In the serene expanses of Redding, California, where nature's beauty intertwines with the ever-present specter of wildfires, the community finds itself at the intersection of environmental resilience and burgeoning challenges. The recent escalation in the frequency and intensity of wildfires has not merely been a distant occurrence but a palpable reality that hovers over the city. Although the average distance of these fires has exhibited an exponential retreat, the tendrils of their impact persist, raising crucial questions about the implications for Redding's environment and, notably, its water quality.



## Purpose

The purpose of this project is to explore the intricate relationships between wildfires, air quality, and water quality in Redding, California. By delving into the less-explored repercussions on water quality, the analysis seeks to unravel the complex dynamics of the aftermath of wildfires on the city's lifeblood—the water supplies. The urgency of this study is underscored by recent events, emphasizing the need for proactive measures to safeguard both the environment and public health.



## Methodology



### Water Quality Analysis



- **Overview:** Utilizing the smoke estimate dataset and the wildfires dataset from the first step [1](./README.md#methodology), this analysis aims to address the hypothesis regarding the correlation between wildfires and water quality in Redding, California.



- **Steps:**

  1. Downloaded the required water quality dataset from data.cnra.ca.gov to initiate the analysis.

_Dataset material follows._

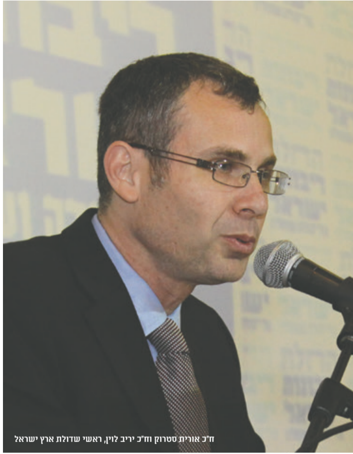
ח"כ אורית סטרוק וח"כ יריב לוין, ראשי שדולת ארץ ישראל

בעוד רבים מדברים, מכריזים ומצהירים הצהרות, על שולחן הכנסת כבר מוכנים עשרה חוקי ריבונות הנוגעים לעשרה אזורים שונים ביהודה ושומרון. מאחורי המהלך עומדים צמד ראשי השדולה למטן ארץ ישראל, חברי הכנסת אורית סטרוק ויריב לוין. האם אנחנו מתקרבים למימוש המהלך?

  2. Computed the smoke estimate for each fire as outlined in the third step of the methodology [1](./README.md#methodology).

  3. Generated maps illustrating the geographical distribution of wildfires and field results of water analysis to provide a visual overview.

  4. Processed the water data, retaining essential information including sample_date, parameter, and fdr_result values.

  5. Plotted the distance of fires from Redding across years and introduced a trend line to reveal any discernible patterns.

  6. Constructed dual-axis plots for key water quality parameters (Water Temperature, pH, Turbidity, and Specific Conductance) against the calculated Smoke Estimate.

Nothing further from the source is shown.